Assembly OKs Miller's Health Care Reform Bill
What? More health care reform? Isn't the federal government spearheading that? Well, yes, but states are engaged in their own reforms, and Rhode Island's got a particularly big appetite for it.
Enter the Health Care Reform Act of 2013 (which now heads to the governor's desk for signature). It aims, ultimately, to reduce health care costs. Introduced by Rhode Island Senate health committee chair Josh Miller, it continues some work state lawmakers began years ago to help rein in costs and strengthen oversight of health insurers and health care providers.
It's tough to discern what immediate impacts the bill might have, since a lot of its provisions involve conducting studies, monitoring the progress or certain initiatives, developing proposals, etc.
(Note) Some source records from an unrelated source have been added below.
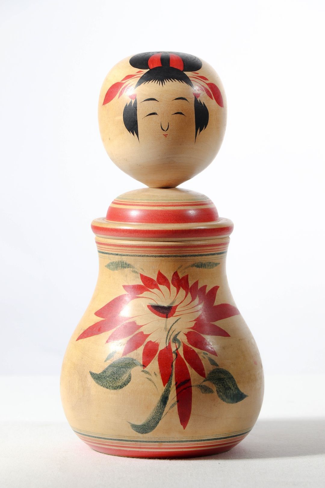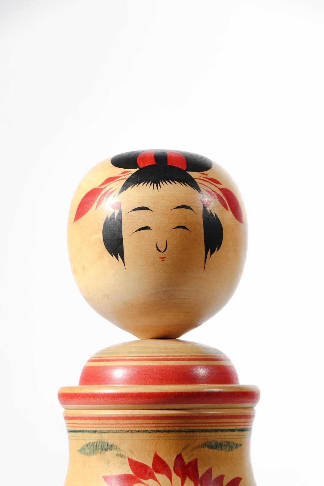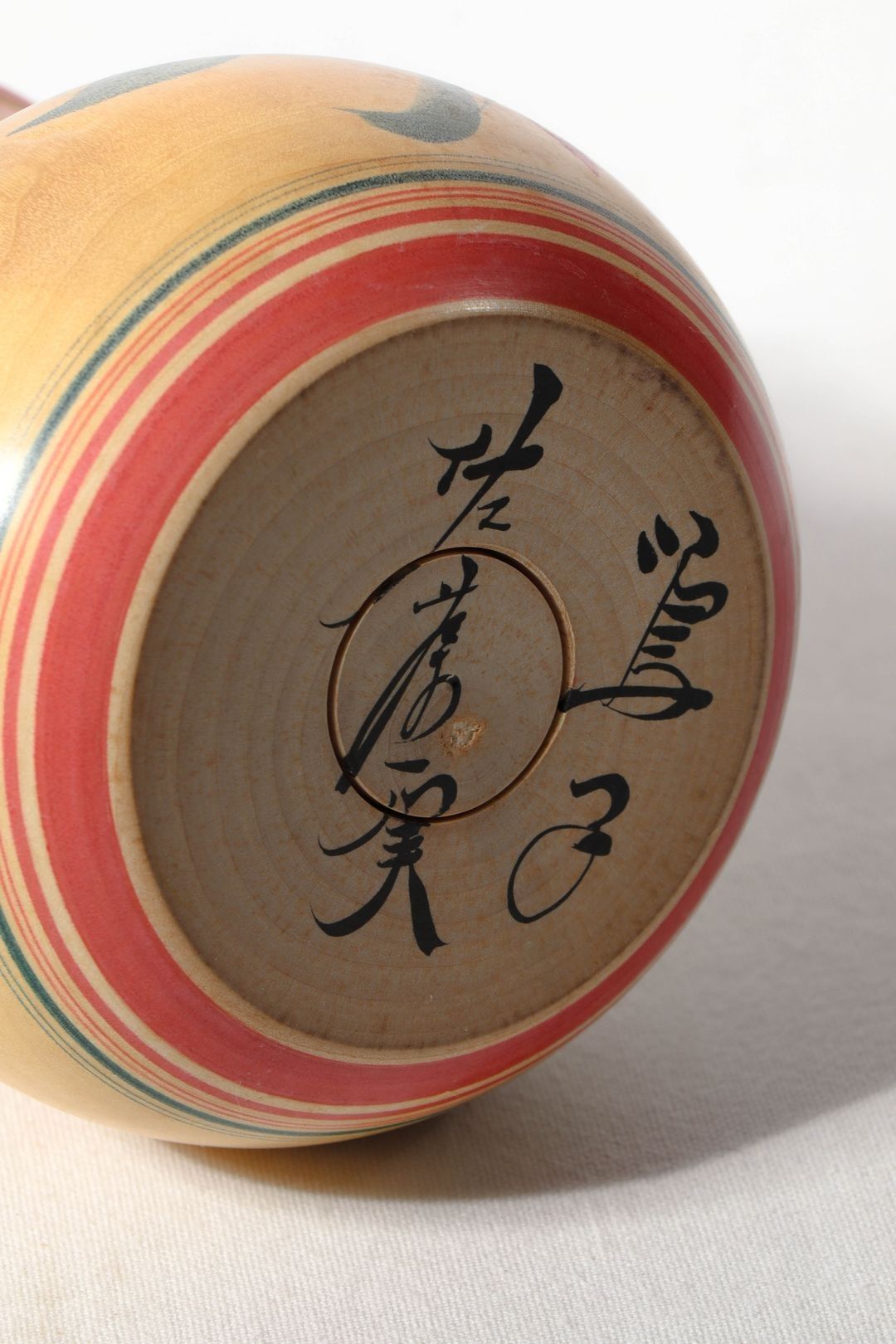 Naruko "Ejiko" Kokeshi doll (child in basket) in polychrome wood by Sato Minoru (1932-2021)
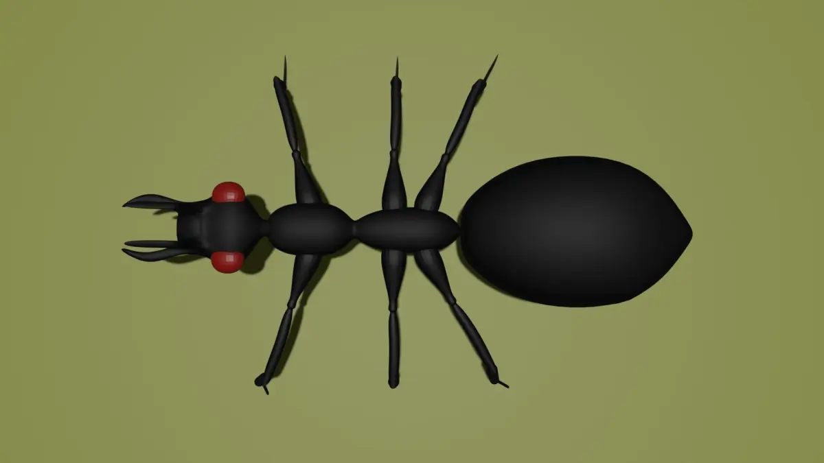 the ant is low poly and has bones. there is material but simple Made in Blendore 3.0
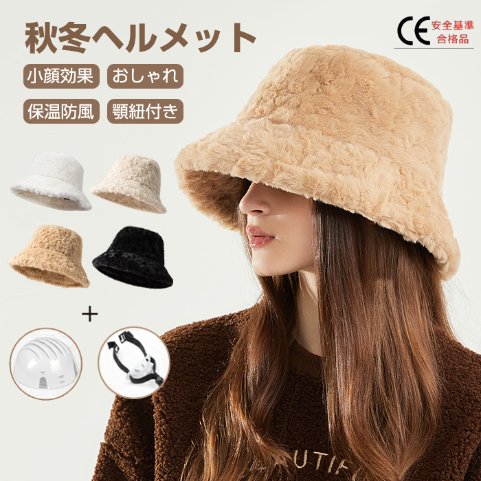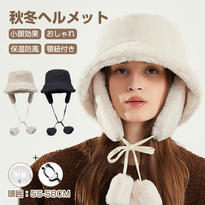 帽子型ヘルメット レディース ふわふわ 帽子 防寒 可愛い 秋 冬スポーツ アウトドア 自転車 サイクリング ヘルメット
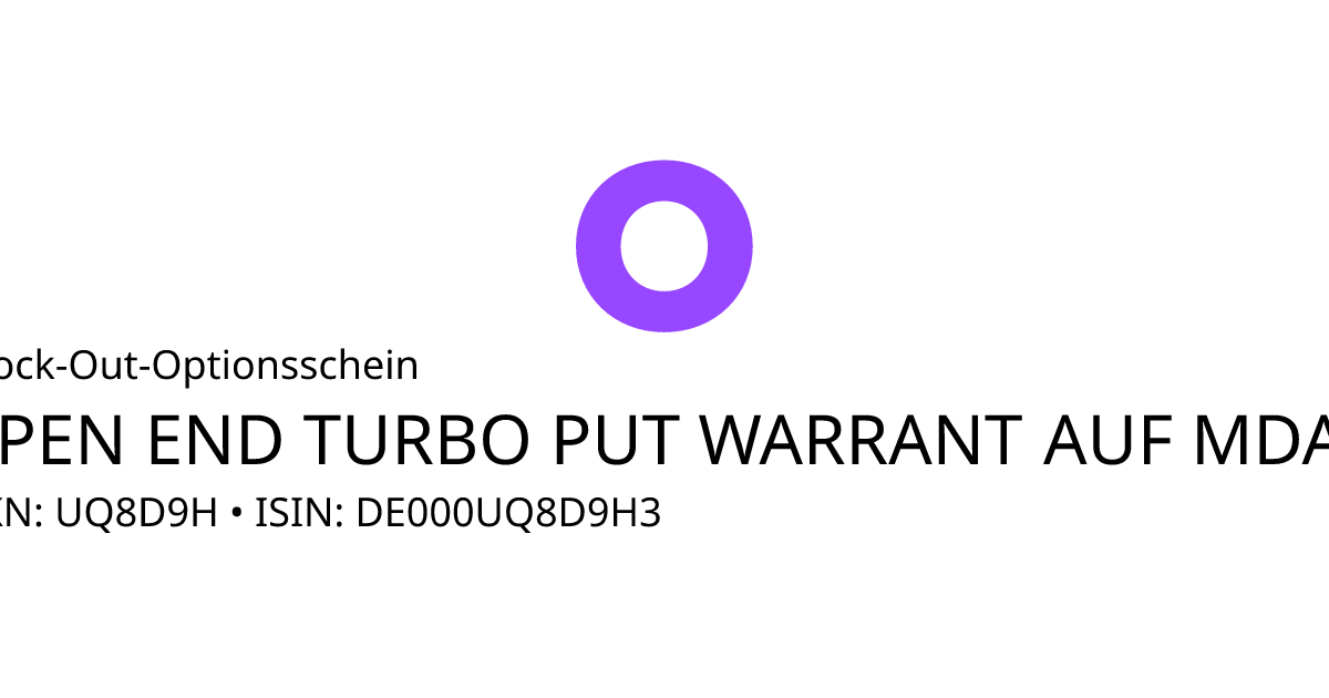 Dieser Open-End Knock-Out Optionsschein (Put) bezieht sich auf den Basiswert MDAX Performance Index und hat eine unbegrenzte Laufzeit. Es handelt sich um ein Hebelprodukt, d.h. der Anleger partizipiert überproportional an der positiven und negativen Entwicklung des Basiswertes. Das Produkt ist mit einer Knock-Out Schwelle bei 37.932,3967 Punkte ausgestattet. Durchbricht der Basiswert während der Laufzeit die Knock-Out Schwelle wird das Produkt ausgeknockt und verfällt sofort wertlos. Der Anleger hat während der Laufzeit an festgelegten Terminen ein Ausübungsrecht. Bei Ausübung berechnet sich die Rückzahlung durch die Differenz zwischen dem Basispreis von 37.932,3967 Punkte und dem Kurs des Basiswertes bereinigt um das Bezugsverhältnis von 0,001. Der Emittent hat das Recht den Optionsschein unter Einhaltung einer Frist zu kündigen.
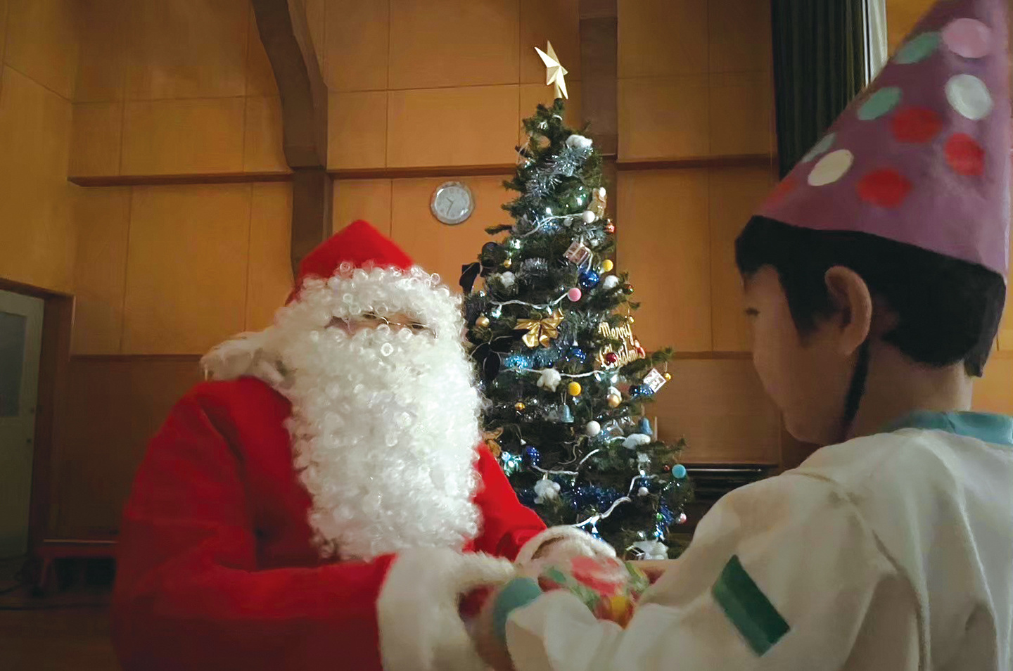 | クリスマス会 子ども達は、この年が楽しく過ごせたことを喜んで、歌を歌ったり一緒に遊んだりしたあと、サンタクロースからプレゼントを受け取ります。 |
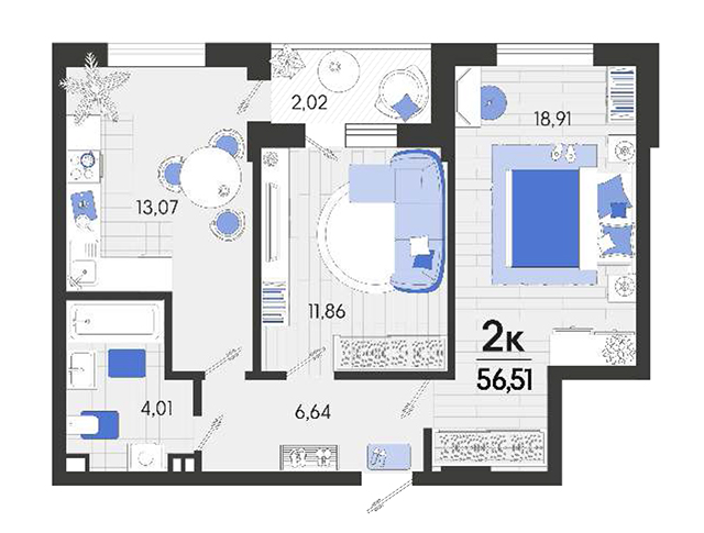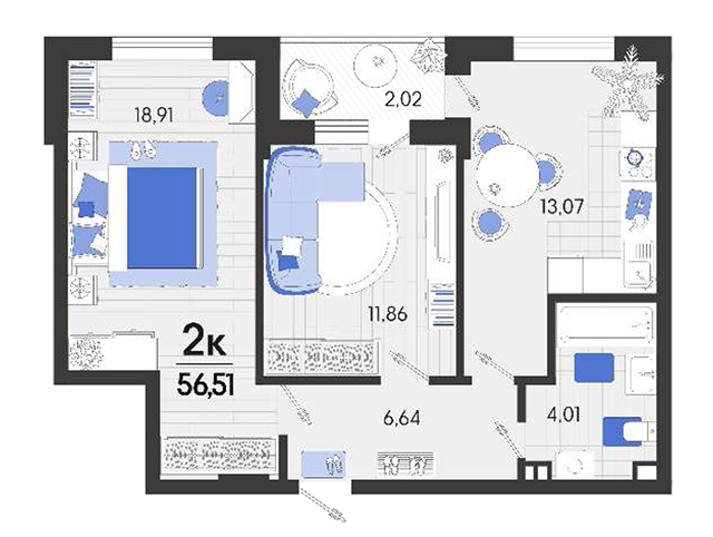 | 2 | 56.51 / 30.77 м² | от 6 837 710 руб. (121 000 руб./м²) | Планировка | |
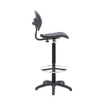 This Jemini draughtsman chair features a durable, ergonomically shaped seat that wipes clean with ease. Ideal for factory, warehouse, laboratory or workshop use, the chair is made from polyurethane material that is both tough and soft, for comfort that can withstand the rigours of heavy duty use. The seat features gas height adjustment from 700mm to 810mm, five swivel castors to allow easy movement but we recommend using the glides provided, and a metal ring footrest for additional comfort.
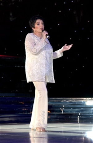 Next Natalie Cole stepped into the spotlight to perform "This Will Be" and "Unforgettable" to the awestruck audience.Bebe Winans then performed two songs including "It All Comes Down to Love" and the "Legends Theme" which he had first performed for Oprah Winfrey's Legends Weekend in Santa Barbara 4 months earlier.Then pianist Billy Stritch began the telltale piano intro to "New York, New York" as a skyline images came up on the screens and the great Liza Minnelli stepped into the spotlight - bringing to their feet an audience that included U2's Bono and REM's Michael Stipe among many others. Liza looked and sounded fantastic as she performed "New York, New York" and "Cabaret" before turning over the mic to the host to address the audience.
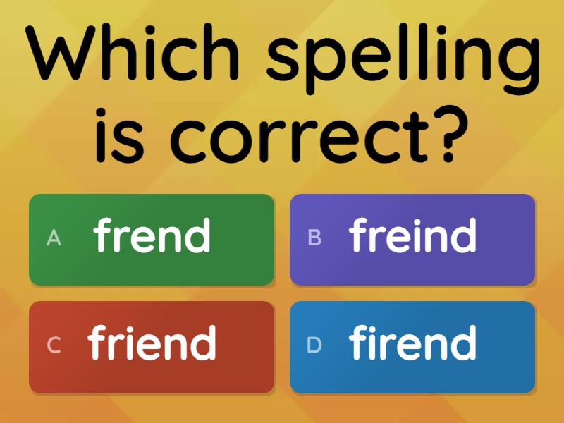 1) Which spelling is correct? a) frend b) freind c) friend d) firend 2) Which spelling is correct? a) beatiful b) beatifull c) beautiful d) beautifull 3) Which spelling is correct? a) becos b) becous c) becouse d) because 4) Which spelling is correct? a) information b) infomation c) informasion d) infomashun 5) Which spelling is correct? a) doughter b) dauhgter c) daugter d) daughter 6) Which spelling is correct? a) wembly b) Wembely c) wembley d) Wembley 7) Which spelling is correct? a) college b) colege c) colage d) colledge 8) Which spelling is correct? a) studant b) student c) studnt d) studont 9) Which spelling is correct? a) nieghbour b) neighbour c) neghbour d) nieghbor 10) Which spelling is correct? a) expensif b) ekspensive c) expensiv d) expensive 11) Which spelling is correct? a) breakfast b) brekfast c) brekfeast d) breakfest 12) Which spelling is correct? a) difrent b) diferent c) different d) differrent 13) Which spelling is correct? a) traffic b) traffik c) trafic d) trafick 14) Which spelling is correct? a) cofee b) coffe c) caffee d) coffee 15) Which spelling is correct? a) nors b) norse c) nurse d) nurs 16) Which spelling is correct? a) apointment b) appoitment c) appointmet d) appointment 17) Which spelling is correct? a) restaraunt b) restoraunt c) restaurant d) restauraunt 18) Which spelling is correct? a) saturday b) Saturday c) Saterday d) sataday 19) Which spelling is correct? a) plese b) plase c) please d) pleese 20) Which spelling is correct? a) speshul b) specail c) speciale d) special 21) Which spelling is correct? a) delicious b) deliciouse c) delicose d) deliciose 22) Which spelling is correct? a) difikult b) diffikult c) dificult d) difficult 23) Which spelling is correct? a) tradisional b) traditional c) traditonal d) tarditional 24) Which spelling is correct? a) jorney b) journey c) jorunay d) journay 25) Which spelling is correct? a) vegetables b) vegtables c) vegteables d) vejetables 26) Which spelling is correct? a) wether b) wather c) waether d) weather 27) Which spelling is correct? a) usually b) usaully c) usualy d) uzually 28) Which spelling is correct? a) weeknd b) weekend c) wekeend d) wekend 29) Which spelling is correct? a) Wendsday b) Wednsday c) Wednesday d) Wendseday 30) Which spelling is correct? a) umbrela b) ombrela c) umbrola d) umbrella 31) Which spelling is correct? a) peopel b) poeple c) peepil d) people 32) Which spelling is correct? a) countery b) country c) cuntry d) cuontry 33) Which spelling is correct? a) children b) chidren c) childeren d) chidlren 34) Which spelling is correct? a) tiket b) tikcet c) ticket d) ticet 35) Which spelling is correct? a) problem b) porblem c) prolbem d) probelem 36) Which spelling is correct? a) cloeths b) clotheses c) clothes d) kloths 37) Which spelling is correct? a) Tursday b) Thursdy c) thurdsay d) Thursday 38) Which spelling is correct? a) husband b) husbond c) housband d) hasbund 39) Which spelling is correct? a) hapy b) happy c) hapey d) hopey 40) Which spelling is correct? a) huose b) hause c) hous d) house 41) Which spelling is correct? a) maney b) muny c) mony d) money 42) Which spelling is correct? a) smal b) small c) smol d) smoll 43) Which spelling is correct? a) sometimes b) sumtimes c) soumtimes d) sametimes 44) Which spelling is correct? a) vist b) vizt c) visite d) visit

That said, here's what the legislative press office says the bill will do:
Move to control costs:
- To control costs and improve quality of care, the legislation would allow the Office of the Health Insurance Commissioner to monitor the transition from traditional fee-for-service payments to alternative models, including global payments, cost sharing, bundled payments other alternative payments to achieve savings for taxpayers.
- Expand the patient-centered medical home program for individuals with chronic health conditions that are high-frequency users through the state employee health benefit plan.
- Require Office of the Health Insurance Commissioner, the Health Department and Lieutenant Governor’s Office to develop a report that proposes standards for the certification of affordable care organizations as an alternative structure for care delivery and payment.
- Review the impact of the current mandated health care benefits on the cost of health insurance for fully insured employers.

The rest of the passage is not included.